While not the flashiest, this application of Ai is one that should not be overlooked. As the cryptocurrency market matures, most experts believe it will start to shape up similarly to more traditional markets, and the stability that Ai can bring to it will be invaluable, and will continue to help it stake its claim as a market worth devoting time and money to.
10. Ai successfully predicts prices for various traditional and emerging asset classes
Countless research papers have been published proving that Ai can dramatically outperform existing trading strategies and buy-and-hold portfolio on a wide range of asset classes, such as equities, futures, foreign exchange, emerging markets, and real estate.
- A study by Krauss, Do, and Huck titled “Deep neural networks, gradient-boosted trees, random forests: Statistical arbitrage on the S&P 500”, previously mentioned above, was published in the European Journal of Operational Research in October 2016. Researchers found that machine learning algorithms generated much higher absolute returns, coupled with higher Sharpe ratio futures.
- A study by Lukas Schulze-Roebbecke titled “Using Artificial Neural Networks to generate trading signals for crude oil, copper, and gold futures” was published in July 2016. The study found that artificial neural networks could yield significant returns with low standard deviation for copper futures.
- A study by Jinxing Han Gould titled “Forex prediction using an artificial intelligence system” was published in December 2004 as a thesis for Oklahoma State University. The study found that back-propagation neural network Forex rates can be predicted, allowing maximal profits.
- Kuang-Hsun Shih wrote a doctorate dissertation at Nova Southeastern University, mentioned above, titled “Taiwanese High-Tech Stocks: Using Artificial Neural Networks to Test Weak-Form Market Efficiency in the Taiwan Electronic Index and to Develop an Evaluation Model of Investment Strategy in Taiwanese Stock Markets” in 2003. The empirical results confirmed that neural trading systems fed with historical market data may produce superior information for the next trading day outperforming the buy-and-hold portfolio by more than 150% in just one year.
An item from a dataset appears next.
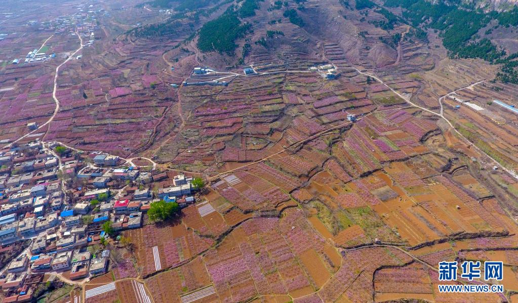 這是3月30日拍攝的濟(jì)南市仲宮街道的桃園風(fēng)光(無人機(jī)照片)。
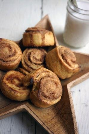 Cinnamon scrolls usually expand into soft fluffy rolls that you pull apart when baked close together, but this is a different take. This recipe bakes them further apart on the tray so that they don't puff up but develop a crunchy crust all the way around. They are best served warm on the day of making, so you'll have to invite some friends around!

- Published in the Emerald Journal in November 2016, “A survey of property valuation approaches in Nigeria,” by Abidoye and Chan, presented valuable insights as to reasons why advanced valuation approaches, such as artificial neural networks and fuzzy logic, are more desirable compared to traditional methods. The article provided a table summarizing strengths of some of the machine learning algorithms used as advanced valuation methods for real estate properties. The findings were very positive for artificial intelligence’s future in real estate.
11. Ai-powered crypto portfolios consistently beat the market
Magnus Erik Hvass Pedersen, PhD in Engineering Science from University of Southampton, conducted a study titled “Artificial Intelligence for Long-Term Investing” in January 2016. The purpose of the study was to determine optimal portfolio allocation using AI model for long-term investing.
- Stocks of 40 U.S. companies, S&P 500 Index, and U.S. government bonds with one-year maturity were selected for the study. The results were quite staggering.
“Between 1995 and 2015, the Ai model outperformed the S&P 500 by about 18% per year on average. The Ai model performed especially well when stocks were extremely mispriced, e.g. during the Dot-Com bubble around year 2000 where stocks were generally overpriced, and then again during the financial crisis where stocks were generally very cheap.”
Cryptocurrency traders have a reputation of being emotional and impulsive, but they have certainly never willfully ignored any way to ensure better profits. Employing artificial intelligence is undoubtedly the most consistently successful strategy currently available in crypto, and the products that make it most easily available to the average crypto trader will end up on top.